Big decoys work because the eyes of the geese are located on the sides of their head, which gives them a wide range of vision. However, because of these widely spaced eyes geese have poor binocular vision and depth perception, they see very little in front with both eyes at the same time. It would be the same if you held a hand over one eye. You, and the geese, then have difficulty judging distance and size. Bigger decoys are seen farther away, and because geese have poor depth perception, they can't tell that the decoys are larger than life.
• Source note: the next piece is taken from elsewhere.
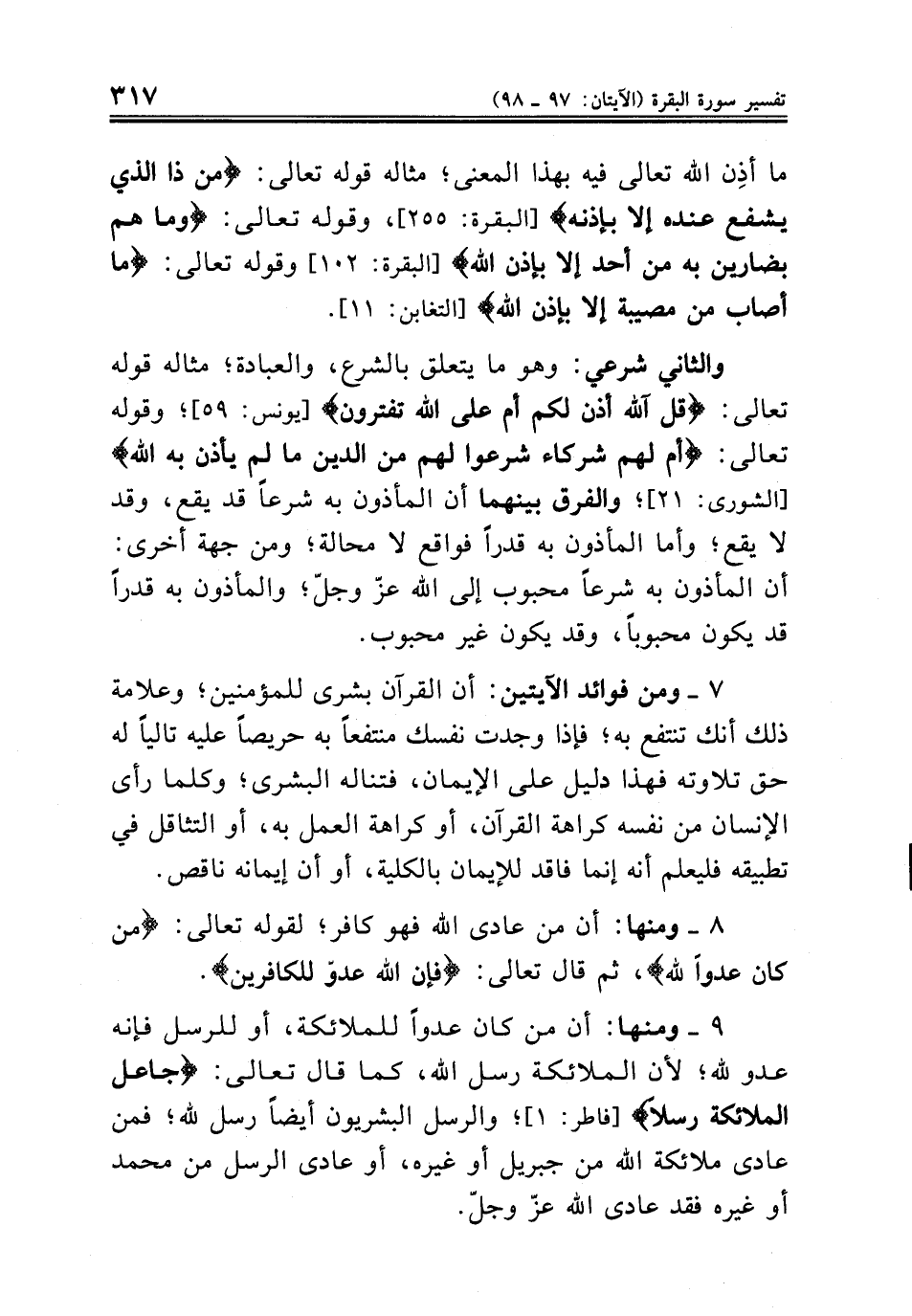 والثاني شرعي: وهو ما يتعلق بالشرع، والعبادة؛ مثاله قوله تعالى: {قل آلله أذن لكم أم على الله تفترون} [يونس: ٥٩]؛ وقوله تعالى: {أم لهم شركاء شرعوا لهم من الدين ما لم يأذن به الله} [الشورى: ٢١]؛ والفرق بينهما أن المأذون به شرعاً قد يقع، وقد لا يقع؛ وأما المأذون به قدراً فواقع لا محالة؛ ومن جهة أخرى: أن المأذون به شرعاً محبوب إلى الله عزّ وجلّ؛ والمأذون به قدراً قد يكون محبوباً، وقد يكون غير محبوب ..

According to goose researcher Dr. Jim Cooper the size of the decoys is not as important as the number of decoys. He says that the more geese (or decoys) there are on the ground the more willing High Tech Goose the geese are to land. If you put out only a few decoys use the larger sizes, but, if you can put out more decoys do so. When you are after canada geese that are lightly hunted one to four dozen decoys may be sufficient. If the birds come off a refuge and are heavily hunted, and where several other hunters have decoys nearby, you may have to use a hundred decoys or more to convince the geese to land in your field. Because snow and white-fronted geese generally migrate and roost in large flocks you may have to use two to three hundred shells or goose rags. I have put out as many as a thousand shells and rags when hunting snow geese in the Dakota's.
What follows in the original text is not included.